At the closing, the Company also sold its inventory to American Pacific at cost.
The inventory sale was concluded for an aggregate price of $130,500, of which
$25,000 was paid to the Company at the Closing and the balance has since been
paid in full.
PAYMENT OF LIQUIDATION PREFERENCES - ISSUANCE OF SENIOR PREFERRED STOCK
Under the terms of the Company's previously outstanding Series A Preferred
Stock and Series B Preferred Stock, a sale or transfer of substantially all of
the assets of the Company was deemed to be a liquidation, dissolution or winding
up of the Company for purposes of determining the payment of the liquidation
preferences on the Series A Preferred Stock and Series B Preferred Stock.
Accordingly, the Asset Sale entitled Flum Partners, the holder of all of the
outstanding Series A Preferred Stock and Series B Preferred Stock, to payment of
the applicable liquidation preferences and accrued and unpaid dividends.

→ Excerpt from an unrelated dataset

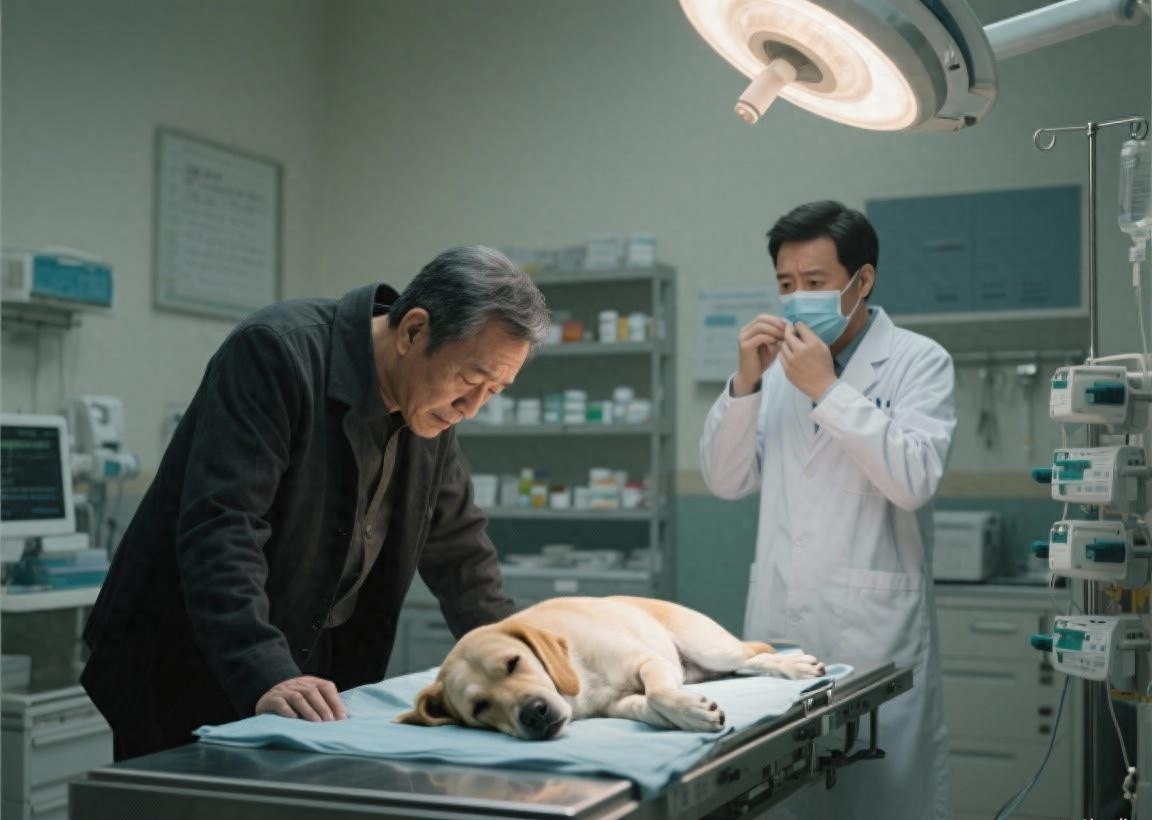 宠物医院的处置室里,灯光白得刺眼。

In November 1997, Flum Partners delivered a letter to the Company demanding
payment of the applicable liquidation preferences on the Series A Preferred
Stock and Series B Preferred Stock ($1,175,000 in the case of the Series A
Preferred Stock and $310,000 in the case of the Series B Preferred Stock) and
accrued and unpaid dividends on such shares. On the date of the delivery of the
demand, accrued dividends on the Series A Preferred Stock amounted to $787,500
and accrued dividends on the Series B Preferred Stock amounted to $111,600.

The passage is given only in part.